I am using usegalaxy.org to work with paired end RNAseq data. I am using Cutadapt to trim adapter sequences, and the Cutadapt output files are larger than the files I am inputting. Example, my first sample SRR6467550, the forward read input fastsanger.qz is 2.1 GB. After using Cutadapt, the output fastsanger.qz is 8.1 GB. This is causing my disk quota to fill much faster and making it difficult to work with the amount of data I have (226 samples, I am going to have to work in batches as is). Is this problem avoidable in any way? Is there a way to obtain an output that is smaller?

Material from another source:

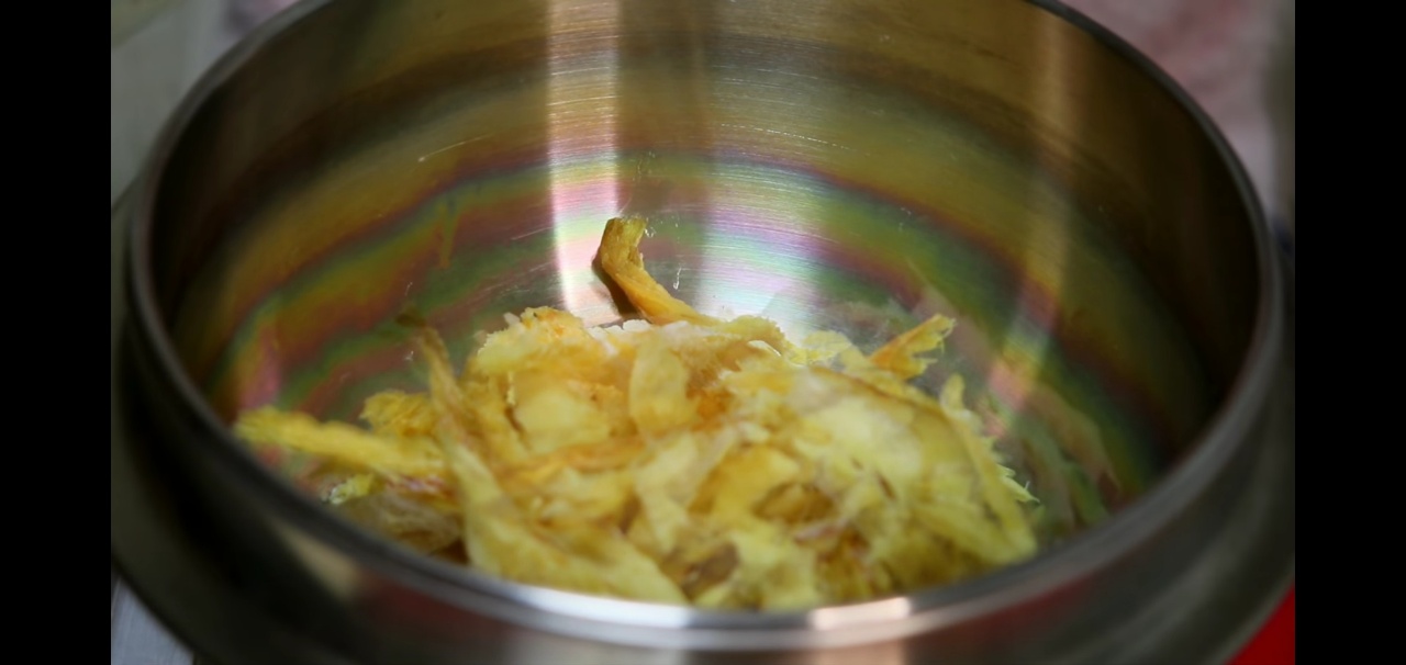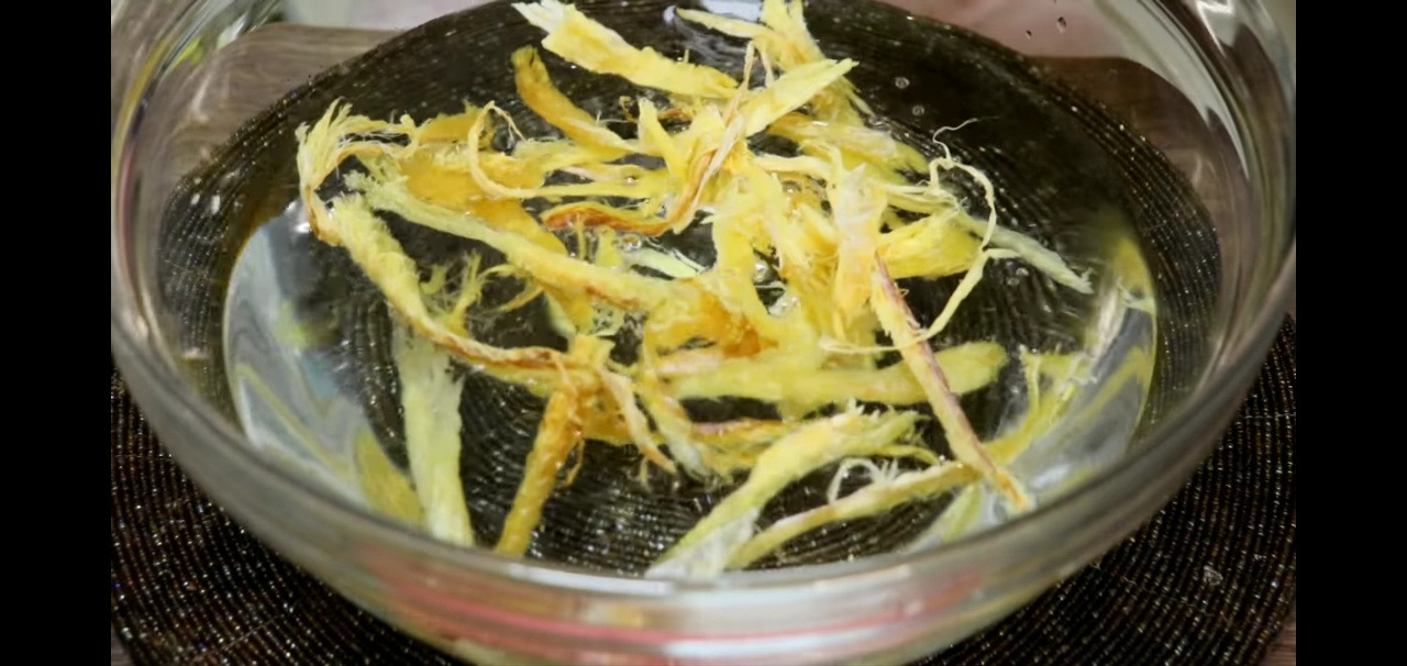 그리고 황태를 물에 담가 한번 씻은 후, 손으로 짜지 말고 건져내세요. 손으로 눌러 짜면 황태의 맛있는 국물이 빠져나갈 수 있답니다.

My full input for reference:
Paired-end collection: My Data
Read 1 (3'): AGATCGGAAGAGCACACGTCTGAACTCCAGTCA
Read 2 (3'): AGATCGGAAGAGCGTCGTGTAGGGAAAGAGTGT
Minimum length (R1): 20
Quality cutoff: 20
Outputs Selector: Report: Cutadapt's per-adapter statistics. You can use this file with MultiQC.
Only way output files will be larger than inputs is if the input files were gzip compressed while the output files are not.
The Galaxy community has a dedicated help channel:
https://help.galaxyproject.org/
As GenoMax pointed out, maybe there is a "compressed output" option to select somewhere?